═════ DATASET ENTRIES

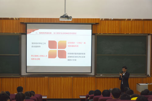 叶峥嵘报告的题目是《深入贯彻十九届五中全会精神,写好学校高质量发展奋进之笔》。报告从全面准确把握五中全会精神、准确研判当前教育事业面临的形势任务、围绕高质量发展,全面抓好五中全会精神的贯彻落实等三个方面对十九届五中全会精神进行了辅导讲授。叶峥嵘指出,要深刻领会总书记在五中全会重要讲话精神,准确把握2035年国家远景目标和“十四五”时期我国发展的指导方针、主要目标、重点任务,提出要特别把握好“六个新”,“12大举措”等新内容、新提法,要求提高认识新形势、新阶段、新理念、新格局、新要求等思想自觉和行动自觉,全力促进学校发展。
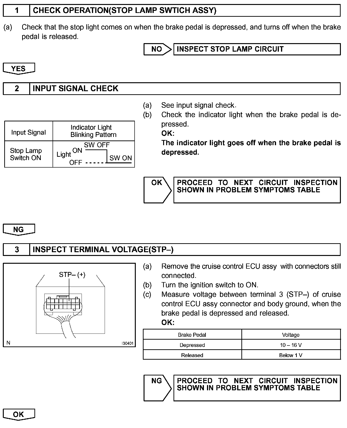 If the harness connected to terminal STP- has an open circuit, terminal STP- will have battery positive voltage and the cruise control will be turned off.
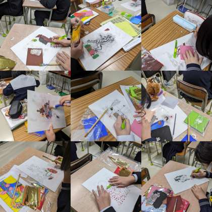 【美術】プッシュ画にかなり色が入ってきています。(2組)
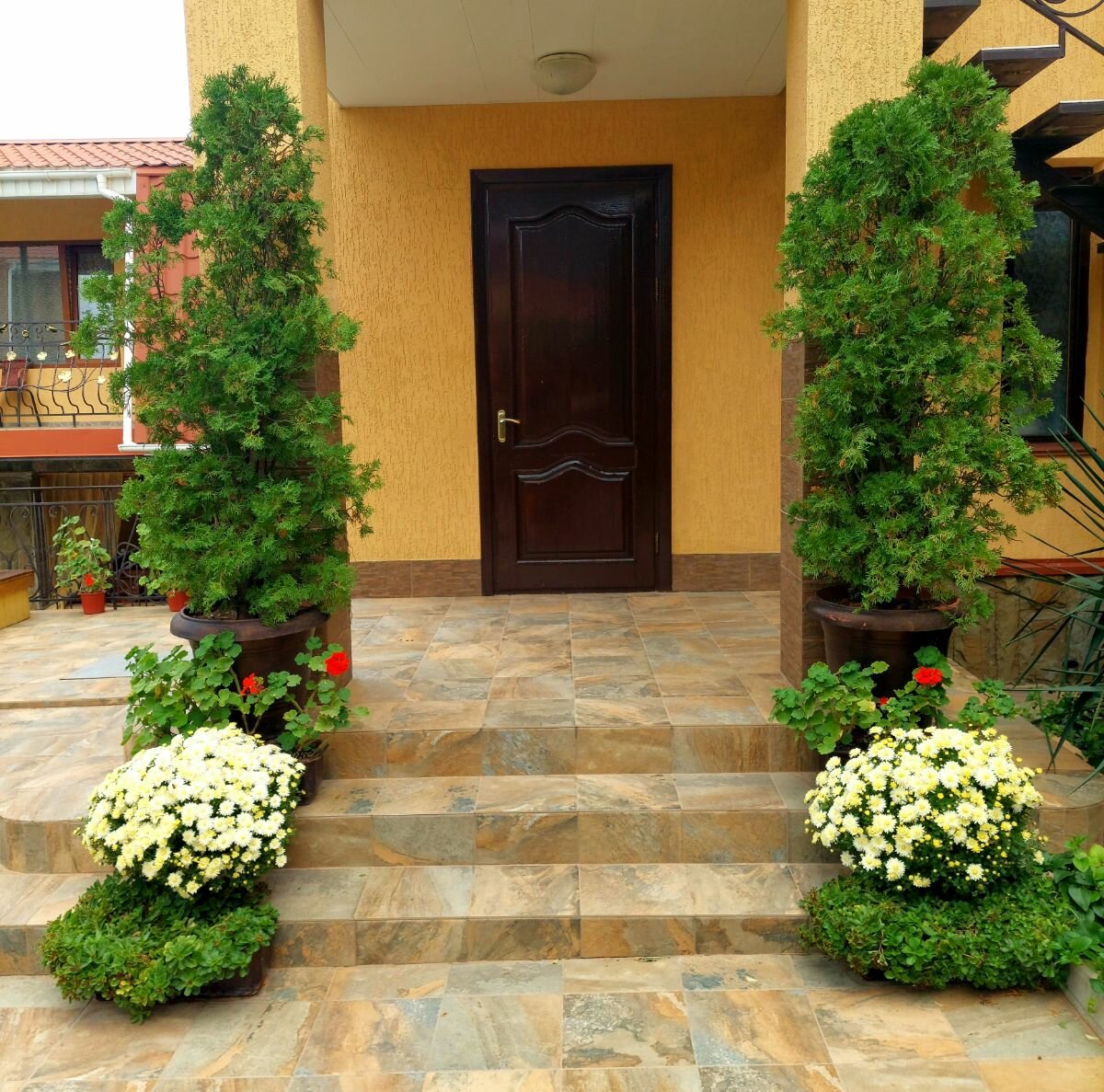 - Уютная и ухоженная территория с зеленью.
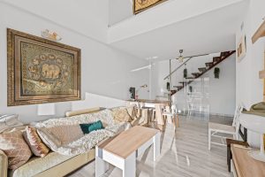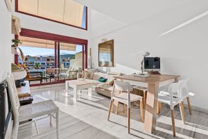 Spacious two-bedroom duplex penthouse enjoying open views of the surrounding mountains and countryside, situated in a popular residential complex in the hills above Selwo, between San Pedro de Alcántara and Estepona. The location offers a peaceful natural setting within ten minutes’ drive of the coast and local beaches.
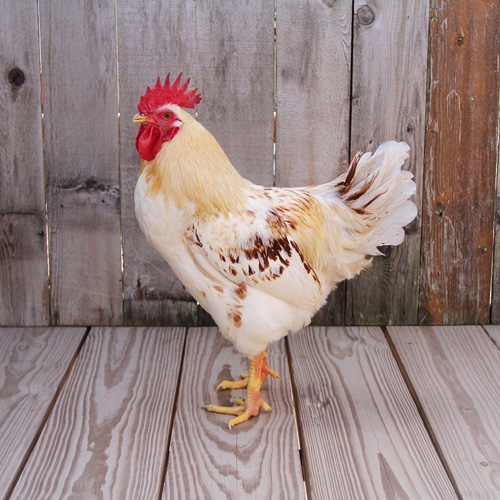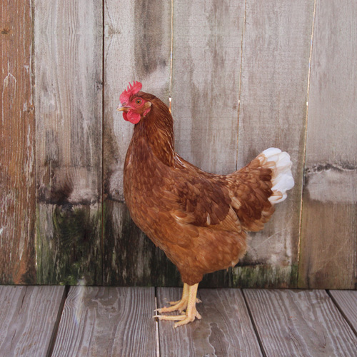 Gold Stars were developed in the 1950’s by crossing a Rhode Island Red male with a Rhode Island White female for efficient brown egg production and ease of sexing. Male Gold Stars chicks are light yellow without any red, while the females have varying amount of red down.
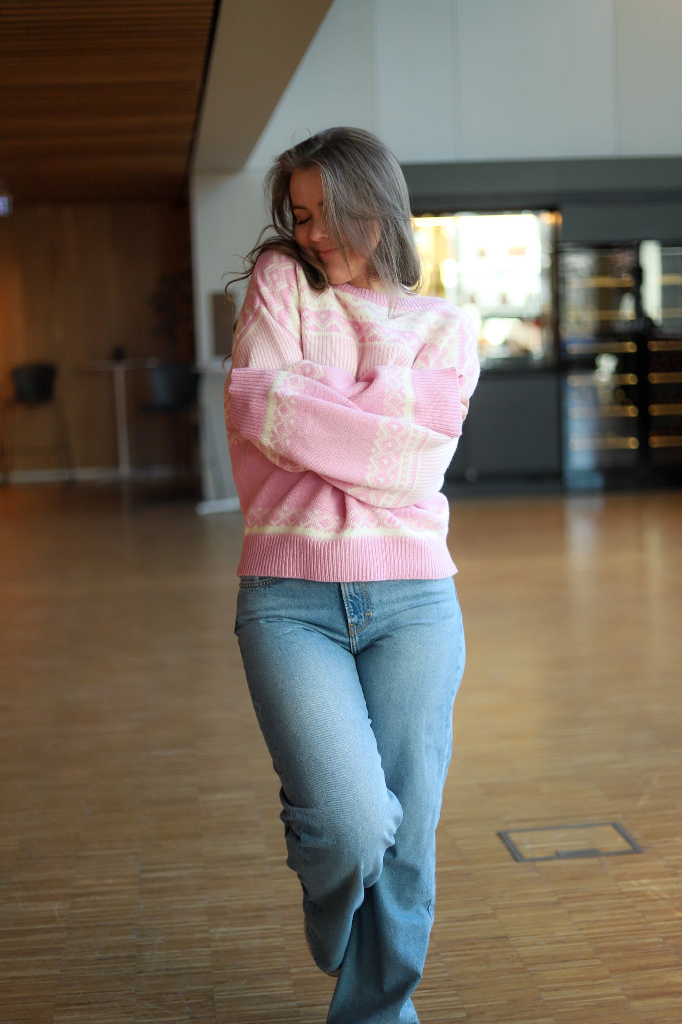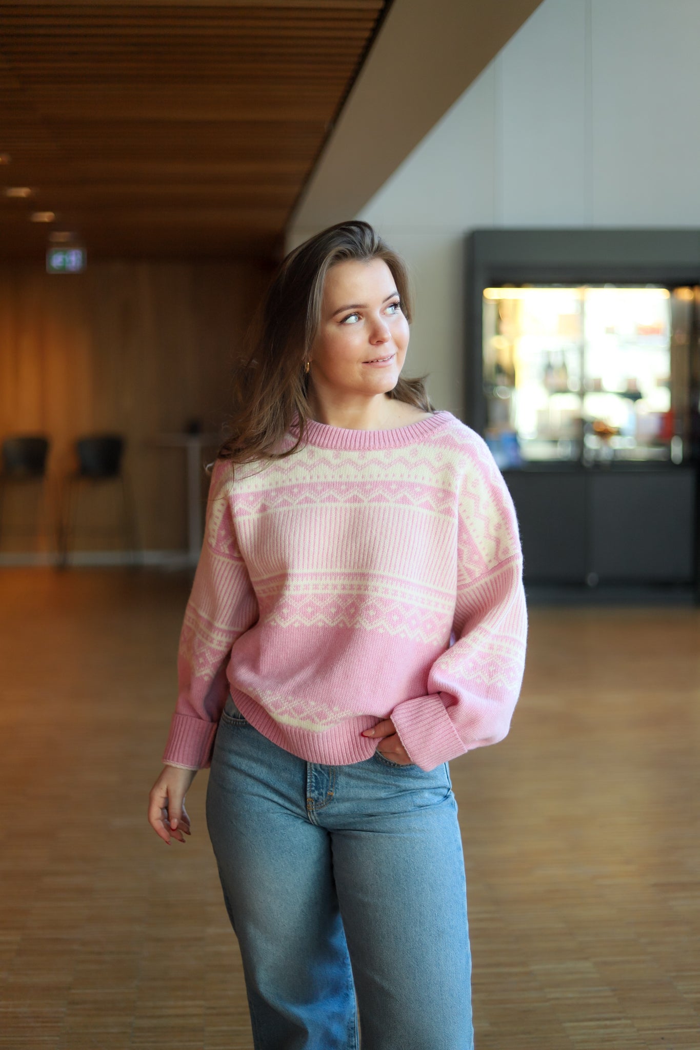 Nydelig mønstret strikk i lys rosa og off-white fra Arnie Says. Modellen er rett med pen hoftelengde, rund hals og lange ermer med droppet skulder. Ribbestrikk i hals, hem og mansjett. En søt strikk i varm og god ullmix.
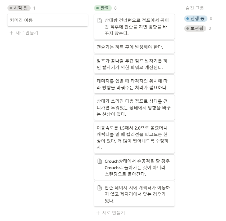 상태머신 보강 2024년 1월 17일2024년 1월 17일배틀퀸(BattleQueen)에 게시됨 1.17 애니메이션을 제작하며 발견되는 버그를 그 때 그 때 노션에 적어두고 있다. 작업을 변경하는 건 정신적으로 꽤 큰 피로감이 있기 때문에 이렇게 몰아서 하는 편이다. …는 생각보다 일찍 끝났네?! 카메라는 어차피 배경들어간 후에 작업해야 하고… 이제 캔슬기는 히트시에만 사용할 수 있다. 짠손은 강손으로, 강손은 스킬로, 스킬은 초필로 캔슬할 수 있다. 다음은 닐리의 기본 애니메이션을 만들어 보자. 좋아하기 가져오는 중... 관련
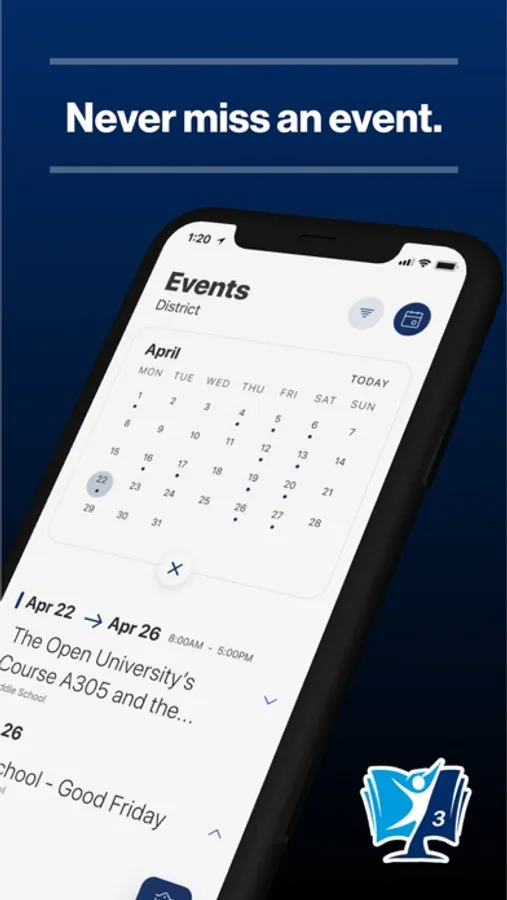 The event section shows a list of events throughout the district. Users can add an event to their calendar to share the event with friends and family with one tap.
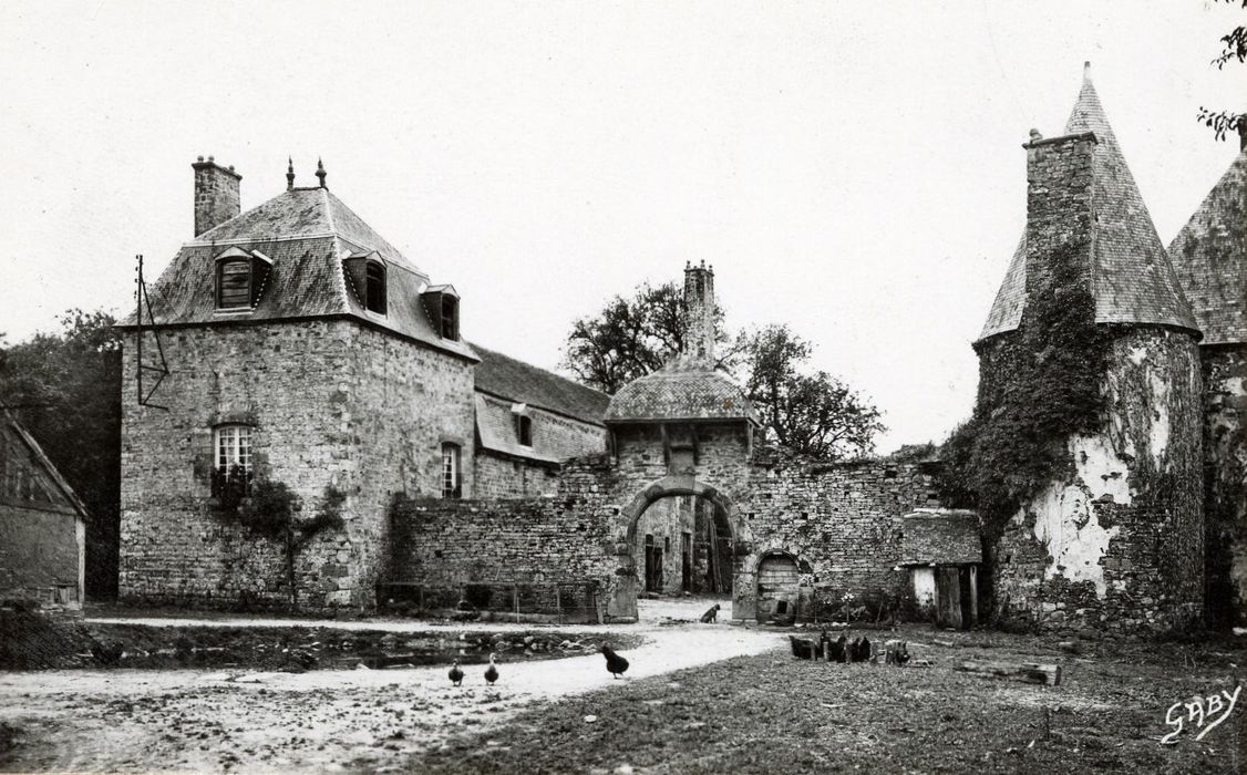 Ensemble de bâtiments édifiés de la fin du 16e au 18e siècle : chapelle du 14e siècle avec des vestiges de peintures murales, logis et tours de la fin du 16e siècle (inscription 1598 sur un linteau) , porche de 1598, pavillon du début du 17e siècle, écuries de 1764 (inscription sur la sablière) , pavillon du colombier du milieu du 18e siècle, cave de 1762 (inscription sur sablière) , fournil du début du 19e siècle.
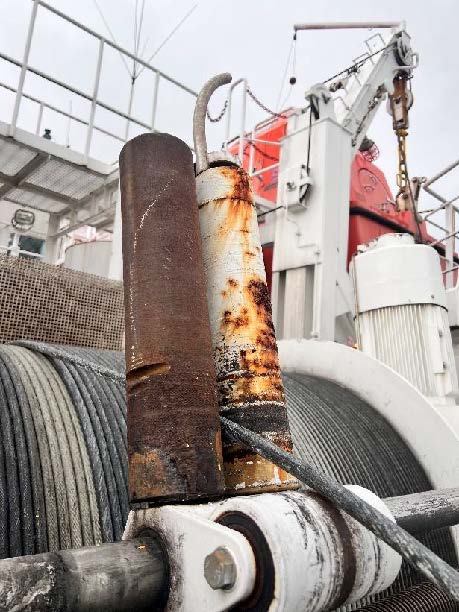 CTD 絞機的垂直導纜滾輪(Roller for level wind-vertical)損壞,進行檢修。

══════════

(WHAT TO DO)
Reproduce each entry precisely; the pictures stay out.

(TASK RESULT)
 叶峥嵘报告的题目是《深入贯彻十九届五中全会精神,写好学校高质量发展奋进之笔》。报告从全面准确把握五中全会精神、准确研判当前教育事业面临的形势任务、围绕高质量发展,全面抓好五中全会精神的贯彻落实等三个方面对十九届五中全会精神进行了辅导讲授。叶峥嵘指出,要深刻领会总书记在五中全会重要讲话精神,准确把握2035年国家远景目标和“十四五”时期我国发展的指导方针、主要目标、重点任务,提出要特别把握好“六个新”,“12大举措”等新内容、新提法,要求提高认识新形势、新阶段、新理念、新格局、新要求等思想自觉和行动自觉,全力促进学校发展。
 If the harness connected to terminal STP- has an open circuit, terminal STP- will have battery positive voltage and the cruise control will be turned off.
 【美術】プッシュ画にかなり色が入ってきています。(2組)
 - Уютная и ухоженная территория с зеленью.
 Spacious two-bedroom duplex penthouse enjoying open views of the surrounding mountains and countryside, situated in a popular residential complex in the hills above Selwo, between San Pedro de Alcántara and Estepona. The location offers a peaceful natural setting within ten minutes’ drive of the coast and local beaches.
 Gold Stars were developed in the 1950’s by crossing a Rhode Island Red male with a Rhode Island White female for efficient brown egg production and ease of sexing. Male Gold Stars chicks are light yellow without any red, while the females have varying amount of red down.
 Nydelig mønstret strikk i lys rosa og off-white fra Arnie Says. Modellen er rett med pen hoftelengde, rund hals og lange ermer med droppet skulder. Ribbestrikk i hals, hem og mansjett. En søt strikk i varm og god ullmix.
 상태머신 보강 2024년 1월 17일2024년 1월 17일배틀퀸(BattleQueen)에 게시됨 1.17 애니메이션을 제작하며 발견되는 버그를 그 때 그 때 노션에 적어두고 있다. 작업을 변경하는 건 정신적으로 꽤 큰 피로감이 있기 때문에 이렇게 몰아서 하는 편이다. …는 생각보다 일찍 끝났네?! 카메라는 어차피 배경들어간 후에 작업해야 하고… 이제 캔슬기는 히트시에만 사용할 수 있다. 짠손은 강손으로, 강손은 스킬로, 스킬은 초필로 캔슬할 수 있다. 다음은 닐리의 기본 애니메이션을 만들어 보자. 좋아하기 가져오는 중... 관련
 The event section shows a list of events throughout the district. Users can add an event to their calendar to share the event with friends and family with one tap.
 Ensemble de bâtiments édifiés de la fin du 16e au 18e siècle : chapelle du 14e siècle avec des vestiges de peintures murales, logis et tours de la fin du 16e siècle (inscription 1598 sur un linteau) , porche de 1598, pavillon du début du 17e siècle, écuries de 1764 (inscription sur la sablière) , pavillon du colombier du milieu du 18e siècle, cave de 1762 (inscription sur sablière) , fournil du début du 19e siècle.
 CTD 絞機的垂直導纜滾輪(Roller for level wind-vertical)損壞,進行檢修。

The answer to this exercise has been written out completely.